EXERCISE INPUT:

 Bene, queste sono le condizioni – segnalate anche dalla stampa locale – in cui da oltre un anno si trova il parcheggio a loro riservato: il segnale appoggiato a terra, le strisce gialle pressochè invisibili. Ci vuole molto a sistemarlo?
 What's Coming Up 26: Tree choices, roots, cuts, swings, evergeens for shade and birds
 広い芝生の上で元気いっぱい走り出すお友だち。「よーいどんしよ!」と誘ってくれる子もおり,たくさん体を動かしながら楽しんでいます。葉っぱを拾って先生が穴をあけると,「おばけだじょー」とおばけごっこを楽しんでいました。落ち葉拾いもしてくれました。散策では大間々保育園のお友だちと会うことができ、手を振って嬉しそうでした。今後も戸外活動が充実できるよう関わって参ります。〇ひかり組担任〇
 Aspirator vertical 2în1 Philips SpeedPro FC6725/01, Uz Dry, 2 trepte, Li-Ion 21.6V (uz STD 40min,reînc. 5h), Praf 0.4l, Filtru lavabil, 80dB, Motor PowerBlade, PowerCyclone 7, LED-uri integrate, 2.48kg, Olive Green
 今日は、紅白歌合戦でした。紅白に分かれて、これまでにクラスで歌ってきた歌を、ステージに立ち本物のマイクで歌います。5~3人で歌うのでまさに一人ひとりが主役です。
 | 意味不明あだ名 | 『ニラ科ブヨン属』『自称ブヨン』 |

==

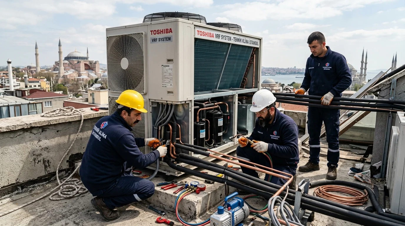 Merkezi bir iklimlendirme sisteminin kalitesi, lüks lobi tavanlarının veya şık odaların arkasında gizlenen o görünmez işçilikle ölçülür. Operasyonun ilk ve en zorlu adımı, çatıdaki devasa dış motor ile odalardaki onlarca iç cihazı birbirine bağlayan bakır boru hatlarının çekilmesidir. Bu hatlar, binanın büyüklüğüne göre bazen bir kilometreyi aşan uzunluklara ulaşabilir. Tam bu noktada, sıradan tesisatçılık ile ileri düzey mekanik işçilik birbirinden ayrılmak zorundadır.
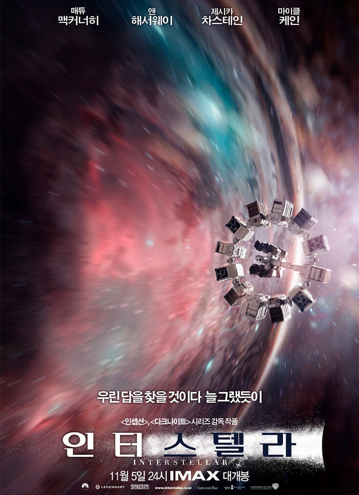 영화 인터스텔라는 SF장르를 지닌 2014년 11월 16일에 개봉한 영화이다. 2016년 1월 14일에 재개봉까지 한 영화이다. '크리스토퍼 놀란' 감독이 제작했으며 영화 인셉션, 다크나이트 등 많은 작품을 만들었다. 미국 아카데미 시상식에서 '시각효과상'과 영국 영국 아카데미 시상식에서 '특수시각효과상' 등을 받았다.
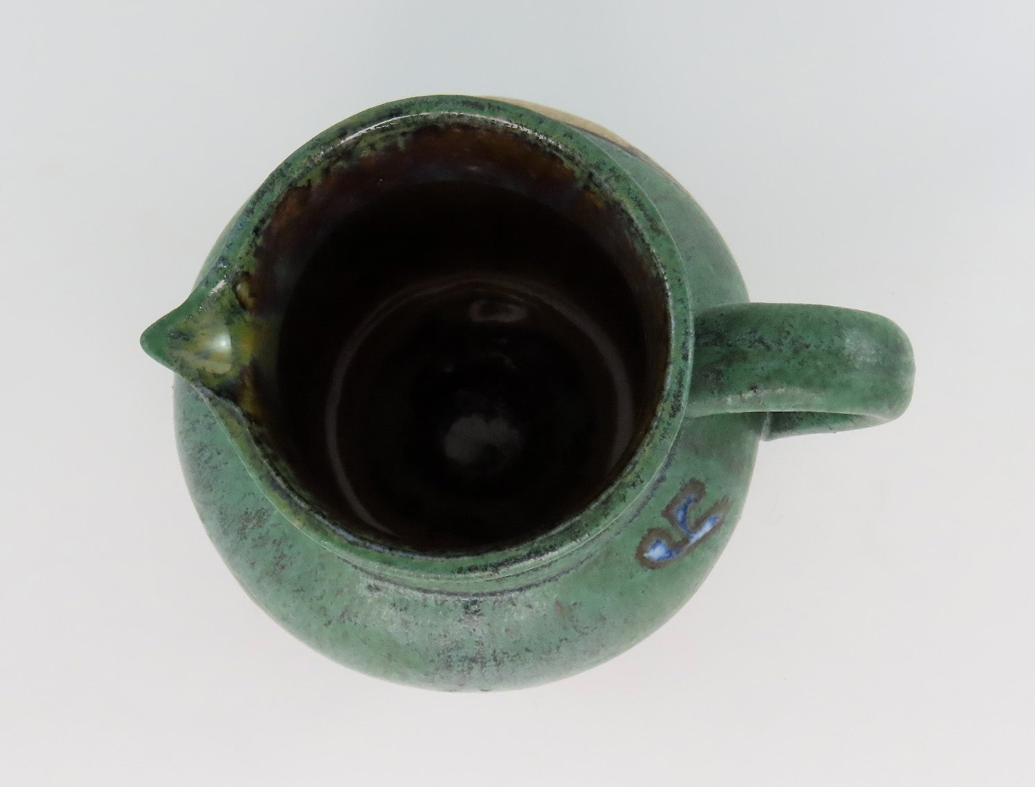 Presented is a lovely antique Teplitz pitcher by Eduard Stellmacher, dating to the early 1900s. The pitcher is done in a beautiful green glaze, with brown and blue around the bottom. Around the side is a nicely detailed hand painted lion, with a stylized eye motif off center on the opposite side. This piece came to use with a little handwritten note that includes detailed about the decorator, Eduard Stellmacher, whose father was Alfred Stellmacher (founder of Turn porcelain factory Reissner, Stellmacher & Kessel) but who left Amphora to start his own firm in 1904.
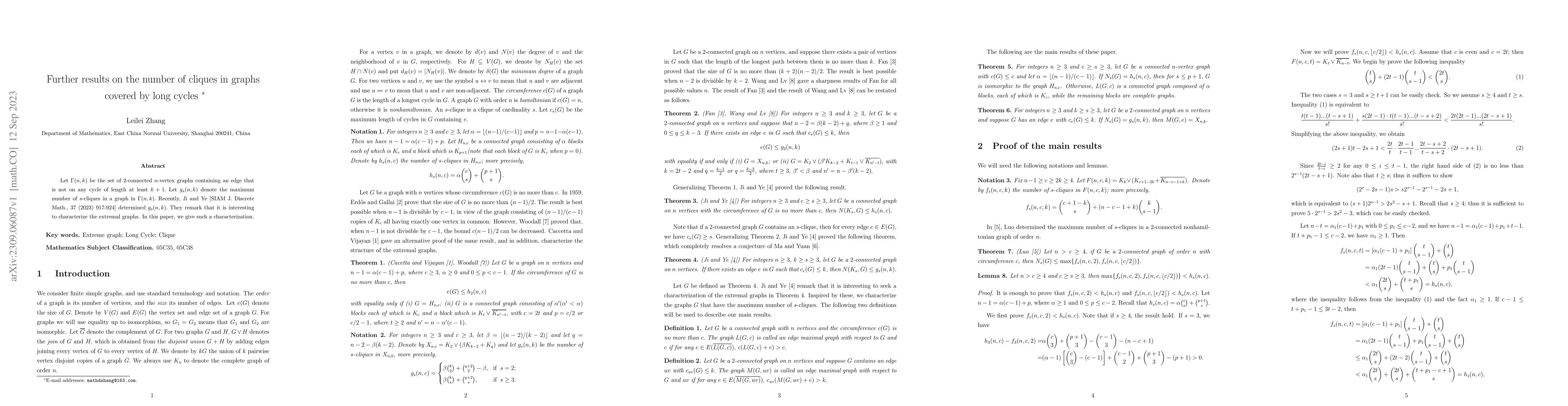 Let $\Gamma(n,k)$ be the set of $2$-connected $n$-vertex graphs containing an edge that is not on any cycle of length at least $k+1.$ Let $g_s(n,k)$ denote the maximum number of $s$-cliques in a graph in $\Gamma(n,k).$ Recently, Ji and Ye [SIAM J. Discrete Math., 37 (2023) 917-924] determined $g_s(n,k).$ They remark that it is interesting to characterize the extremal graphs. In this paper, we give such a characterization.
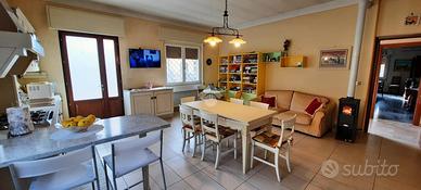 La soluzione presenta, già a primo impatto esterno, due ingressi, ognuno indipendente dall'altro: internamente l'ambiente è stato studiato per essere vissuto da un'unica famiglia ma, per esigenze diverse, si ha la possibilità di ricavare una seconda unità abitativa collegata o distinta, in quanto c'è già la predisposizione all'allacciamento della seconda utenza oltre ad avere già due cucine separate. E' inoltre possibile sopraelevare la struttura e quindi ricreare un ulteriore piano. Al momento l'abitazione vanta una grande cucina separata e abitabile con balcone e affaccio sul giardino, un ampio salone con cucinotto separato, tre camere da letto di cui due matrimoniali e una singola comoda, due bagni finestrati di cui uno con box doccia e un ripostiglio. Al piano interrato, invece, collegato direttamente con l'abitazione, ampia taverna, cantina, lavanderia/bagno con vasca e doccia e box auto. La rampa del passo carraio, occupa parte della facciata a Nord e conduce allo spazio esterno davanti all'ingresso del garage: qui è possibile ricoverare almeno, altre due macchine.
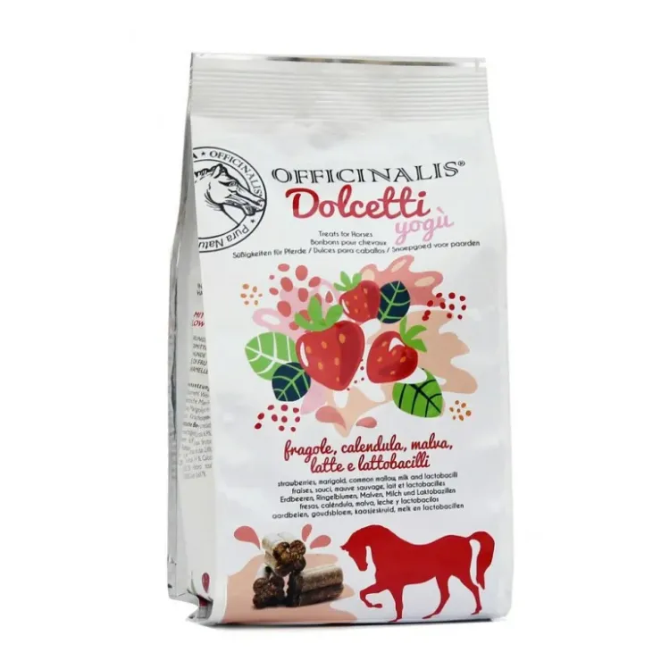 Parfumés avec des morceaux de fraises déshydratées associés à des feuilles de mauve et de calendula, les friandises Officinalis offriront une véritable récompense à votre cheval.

...

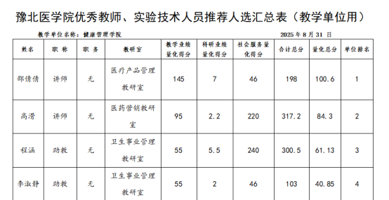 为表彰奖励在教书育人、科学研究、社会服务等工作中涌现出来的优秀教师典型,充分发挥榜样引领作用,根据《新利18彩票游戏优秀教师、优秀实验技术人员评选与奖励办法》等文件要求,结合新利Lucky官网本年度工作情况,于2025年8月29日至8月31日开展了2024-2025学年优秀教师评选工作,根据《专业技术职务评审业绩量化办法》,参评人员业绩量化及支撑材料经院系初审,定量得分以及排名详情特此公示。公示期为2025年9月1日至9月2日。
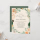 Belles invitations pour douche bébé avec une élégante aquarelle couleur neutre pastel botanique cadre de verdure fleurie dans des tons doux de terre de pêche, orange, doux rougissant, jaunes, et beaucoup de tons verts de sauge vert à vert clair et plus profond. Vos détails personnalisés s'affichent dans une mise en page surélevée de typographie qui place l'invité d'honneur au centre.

WHAT TO PRODUCE: Only one part of the material above is to be transcribed, namely the lines starting with the line that has "What's Coming Up" and going on through the line that has "広い芝生の上で元気いっぱい走", exactly as they stand.

RESPONSE AREA:
 What's Coming Up 26: Tree choices, roots, cuts, swings, evergeens for shade and birds
 広い芝生の上で元気いっぱい走り出すお友だち。「よーいどんしよ!」と誘ってくれる子もおり,たくさん体を動かしながら楽しんでいます。葉っぱを拾って先生が穴をあけると,「おばけだじょー」とおばけごっこを楽しんでいました。落ち葉拾いもしてくれました。散策では大間々保育園のお友だちと会うことができ、手を振って嬉しそうでした。今後も戸外活動が充実できるよう関わって参ります。〇ひかり組担任〇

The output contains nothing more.